Data Local Machine Learning

Mar 8, 2023

Data is slow and expensive to move around. What if we moved our compute local to our data? Running functions, containers, and other jobs right next to where the data is stored? What's been tried, and where things go from here.

Integrated compute over a distributed object store (Manta). The earliest cloud-native version of this that I've seen is Manta from Joyent, which was started back in 2011. The insight was from Bryan Cantrill (Sun, dtrace, Joyent, Oxide) that Solaris Zones (a precursor to modern containers) could provide isolation over object stores. Unfortunately, the idea was probably ahead of its time. Docker containers were based on Linux containers (not Solaris Zones), and Kubernetes and public clouds took the lead on object storage.

There are user-defined functions (UDFs) in Snowflake that can be written in Python, Java, or JavaScript. UDFs have existed in databases for nearly as long as database technology, but more recently, they have been supported in languages other than SQL. But, again, the benefits of calling your function close to the data are almost outweighed by the awkwardness of defining and calling your function in SQL.

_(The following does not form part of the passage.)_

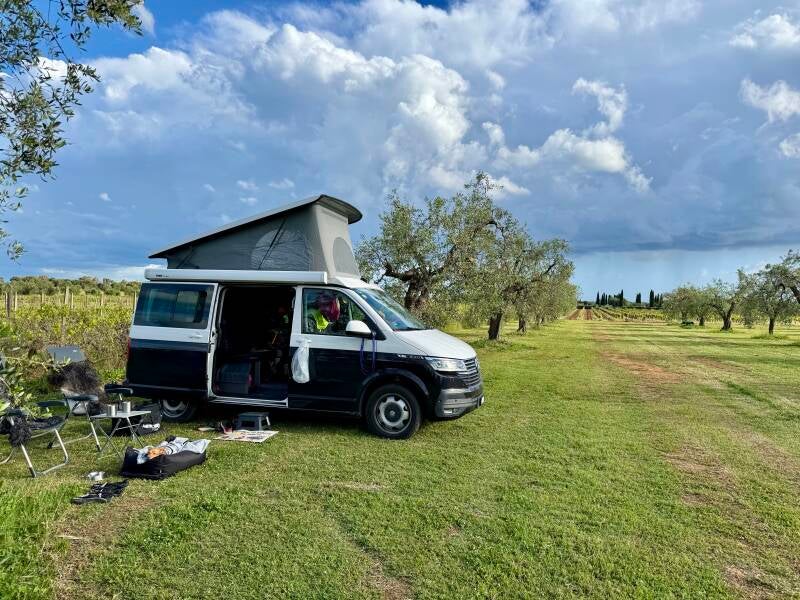 Nach dieser spannenden Ausstellung, fahren wir zu unserem nächsten Übernachtungsplatz, der nur 2 Minuten entfernt liegt. Die Azienda Agricola Fratelli Barile bietet uns ein traumhaftes Plätzchen zwischen Reben und Olivenbäumen. Wir sind die einzigen Camper und geniessen die Stille und den absolut idyllischen Ort. Am Abend gibt’s dann das obligate Wein-Tasting, Flávio, der Winzer, ist sehr nett und seine Weine entsprechen genau unserem Geschmack - also noch eine Kiste Wein zwischen meinen Beinen! 😂😂

Another strategy is implementing machine learning at the database layer. BigQuery ML, MindsDB, and, more recently, PostgresML are all examples of this. This means that data analysts and data scientists can directly call models from SQL. Usually, that means quicker latency and less boilerplate with shifting data around. The downside is that SQL isn't great for procedural logic. For example, cleaning data, experimenting, and visualizing data are often hard or impossible directly in SQL.